Take the data below and copy exactly the lines starting at the one with "Thiết kế phòng" and finishing at the one with "Southland Stop Valve, 5/8", both included.

DATASET:
================================

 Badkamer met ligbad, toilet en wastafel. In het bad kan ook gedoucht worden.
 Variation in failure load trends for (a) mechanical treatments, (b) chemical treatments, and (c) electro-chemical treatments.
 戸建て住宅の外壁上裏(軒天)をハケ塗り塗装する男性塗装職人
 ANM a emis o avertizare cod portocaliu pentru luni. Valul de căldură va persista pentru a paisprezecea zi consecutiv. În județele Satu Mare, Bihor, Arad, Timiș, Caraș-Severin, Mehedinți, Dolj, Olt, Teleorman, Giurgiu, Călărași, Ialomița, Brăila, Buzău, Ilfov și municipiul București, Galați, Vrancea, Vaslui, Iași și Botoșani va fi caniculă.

================================

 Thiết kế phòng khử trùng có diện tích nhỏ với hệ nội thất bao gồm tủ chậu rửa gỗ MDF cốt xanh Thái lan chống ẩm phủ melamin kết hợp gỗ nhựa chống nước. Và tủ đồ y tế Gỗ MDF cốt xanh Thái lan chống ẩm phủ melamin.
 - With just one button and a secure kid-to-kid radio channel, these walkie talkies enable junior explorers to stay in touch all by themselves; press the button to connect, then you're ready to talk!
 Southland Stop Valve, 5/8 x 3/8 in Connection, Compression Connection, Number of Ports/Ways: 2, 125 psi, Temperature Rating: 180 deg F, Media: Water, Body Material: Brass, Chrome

================================

RESPONSE BELOW:
 Thiết kế phòng khử trùng có diện tích nhỏ với hệ nội thất bao gồm tủ chậu rửa gỗ MDF cốt xanh Thái lan chống ẩm phủ melamin kết hợp gỗ nhựa chống nước. Và tủ đồ y tế Gỗ MDF cốt xanh Thái lan chống ẩm phủ melamin.
 - With just one button and a secure kid-to-kid radio channel, these walkie talkies enable junior explorers to stay in touch all by themselves; press the button to connect, then you're ready to talk!
 Southland Stop Valve, 5/8 x 3/8 in Connection, Compression Connection, Number of Ports/Ways: 2, 125 psi, Temperature Rating: 180 deg F, Media: Water, Body Material: Brass, Chrome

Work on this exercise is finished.